Rushton’s sentence is built to sound like a calm, commonsense correction, but its real work is political: it tries to smuggle a controversial claim about human difference under the cover of everyday intuition (“people’s tendency to classify”) and the authority of “biologists.” The phrasing frames “deconstructing” race as an elite intellectual hobby that violates both folk realism and hard science. That’s a strategic reversal. Instead of defending race as a category on its own merits, he casts critics as the ones making an error - emotional, ideological, even anti-empirical.

The subtext is that race is not only real but properly biological, anchored in “common descent” the way species and subspecies are. By invoking family histories, he leans on genealogy as a moral alibi: if we talk about ancestry at dinner tables and on census forms, why balk at race in labs?
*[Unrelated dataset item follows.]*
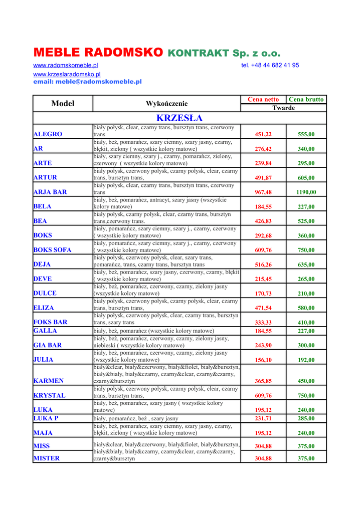 MEBLE RADOMSKO KONTRAKT Sp. z o.o. www.radomskomeble.pl tel. +48 44 682 41 95 www.krzeslaradomsko.pl email: [email protected] Model Wykończenie Cena netto Cena brutto Twarde KRZESŁA ALEGRO AR ARTE ARTUR ARJA BAR BELA BEA BOKS BOKS SOFA DEJA DEVE DULCE ELIZA FOKS BAR GALLA GIA BAR JULIA KARMEN KRYSTAL LUKA LUKA P MAJA MISS MISTER biały połysk, clear, czarny trans, bursztyn trans, czerwony trans biały, beż, pomarańcz, szary ciemny, szary jasny, czarny, błękit, zielony ( wszystkie kolory matowe) biały, szary ciemny, szary j., czarny, pomarańcz, zielony, czerwony ( wszystkie kolory matowe) biały połysk, czerwony połysk, czarny połysk, clear, czarny trans, bursztyn trans, biały połysk, clear, czarny trans, bursztyn trans, czerwony trans biały, beż, pomarańcz, antracyt, szary jasny (wszystkie kolory matowe) biały połysk, czarny połysk, clear, czarny trans, bursztyn trans,czerwony trans. biały, pomarańcz, szary ciemny, szary j., czarny, czerwony ( wszystkie kolory matowe) biały, pomarańcz, szary ciemny, szary j., czarny, czerwony ( wszystkie kolory matowe) biały połysk, czerwony połysk, clear, szary trans, pomarańcz, trans, czarny trans, bursztyn trans biały, beż, pomarańcz, szary jasny, czerwony, czarny, błękit ( wszystkie kolory matowe) biały, beż, pomarańcz, czerwony, czarny, zielony jasny (wszystkie kolory matowe) biały połysk, czerwony połysk, czarny połysk, clear, czarny trans, bursztyn trans, biały połysk, czerwony połysk, clear, czarny trans, bursztyn trans, szary trans biały, beż, pomarańcz (wszystkie kolory matowe) biały, beż, pomarańcz, czerwony, czarny, zielony jasny, niebieski ( wszystkie kolory matowe) biały, beż, pomarańcz, czerwony, czarny, zielony jasny (wszystkie kolory matowe) biały&clear, biały&czerwony, biały&fiolet, biały&bursztyn, biały&biały, biały&czarny, czarny&clear, czarny&czarny, czarny&bursztyn biały połysk, czerwony połysk, czarny połysk, clear, czarny trans, bursztyn trans, biały, beż, pomarańcz, szary jasny ( wszystkie kolory matowe) biały, pomarańcz, beż , szary jasny biały, beż, pomarańcz, szary ciemny, szary jasny, czarny, błękit, zielony ( wszystkie kolory matowe) biały&clear, biały&czerwony, biały&fiolet, biały&bursztyn, biały&biały, biały&czarny, czarny&clear, czarny&czarny, czarny&bursztyn 451,22 555,00 276,42 340,00 239,84 295,00 491,87 605,00 967,48 1190,00 184,55 227,00 426,83 525,00 292,68 360,00 609,76 750,00 516,26 635,00 215,45 265,00 170,73 210,00 471,54 580,00 333,33 184,55 410,00 227,00 243,90 300,00 156,10 192,00 365,85 450,00 609,76 750,00 195,12 231,71 240,00 285,00 195,12 240,00 304,88 375,00 304,88 375,00 VIVA biały, beż, pomarańcz, czerwony, czarny ( wszystkie kolory matowe) czerwony, pomarańczowy,zielony, szary, clear biały, beż, pomarańcz, czerwony, czarny, zielony jasny (wszystkie kolory matowe) biały, pomarańcz, czarny, zielony jasny, czarny, niebieski jasny, brąz, szary jasny, szary ciemny ( wszystkie kolory matowe) biały, szary ciemny, brąz, niebieski jasny ( wszystkie kolory matowe) biały, beż, pomarańcz, czerwony, czarny, zielony jasny, czarny, niebieski ( wszystkie kolory matowe) WIKTORIA X-TREME S X-TREME BAR biały połysk, clear, czarny trans, bursztyn trans, szary trans, czerwony, pomarańczowy,zielony, szary, pomarańczowy, szary 471,54 485,37 1182,93 580,00 597,00 1455,00 Wykończenie Cena netto Cena brutto 853,66 934,96 975,61 934,96 975,61 1050,00 1150,00 1200,00 1150,00 1200,00 337,40 415,00 365,85 1528,46 170,73 450,00 1880,00 210,00 300,81 370,00 317,07 390,00 300,81 260,16 370,00 320,00 365,85 450,00 Cena netto Cena brutto 426,83 525,00 565,04 695,00 304,88 375,00 MIU OPAL ROME TIFFI TIFFI 2 Model 184,55 551,22 227,00 678,00 170,73 210,00 203,25 250,00 243,90 300,00 156,10 192,00 STOLIKI ICE fi 60 cm ICE fi 70 cm ICE fi 80 cm ICE 60X60 cm ICE 70X70 cm MAMBO 73 cm MAMBO ALU 73 MAJA 80x80 cm MAJA 140x80 cm POP 70 cm POP 80 cm SOTIE 70 cm QUE 51 cm VORCA 80 cm Model clear clear clear clear clear biały, beż, pomarańcz, szary jasny ( wszystkie kolory matowe) biały, beż, pomarańcz, szary jasny ( wszystkie kolory matowe) biały mat biały mat biały, beż, pomarańcz, czerwony, jasny zielony (wszystkie kolory matowe) biały, beż, pomarańcz, czerwony, jasny zielony (wszystkie kolory matowe) biały, beż, pomarańcz, czerwony, jasny zielony (wszystkie kolory matowe) biały połysk, clear, czarny trans, bursztyn trans biały, beż, pomarańcz, antracyt, czarny, czerwony, jasny zielony (wszystkie kolory matowe) Wykończenie LAMPY DODO NOVA SMART biały połysk, czerwony trans, clear, niebieski trans, róż trans, czarny trans, bursztyn trans, fiolet trans biały połysk, czerwony trans, clear, niebieski trans, róż trans, czarny trans, bursztyn trans, fiolet trans biały połysk, czerwony trans, clear, niebieski trans, róż trans, czarny trans, bursztyn trans, fiolet trans Przedstawiona oferta cenowa nie stanowi oferty w rozumieniu Kodeksu Cywilnego, jest jedynie zaproszeniem do rozpoczęcia negocjacji (zgodnie z art. 71 k.c.).

It’s a rhetorical move that blurs ancestry (a real, traceable pattern of relatedness) into race (a contested social sorting system with shifting boundaries). The quote also recruits non-human biology as a shortcut to legitimacy, implying that because biologists classify variation in animals, similar classifications in humans are straightforward - a neat analogy that conveniently ignores how human populations have been shaped by migration, intermixing, and political labeling.

Context matters because Rushton was a flashpoint in late-20th-century debates over race, IQ, and evolutionary psychology, often criticized for reifying racial categories and overreaching from population genetics to hierarchy. This line reads less like a neutral observation than a bid to reposition a fraught ideology as simple scientific hygiene.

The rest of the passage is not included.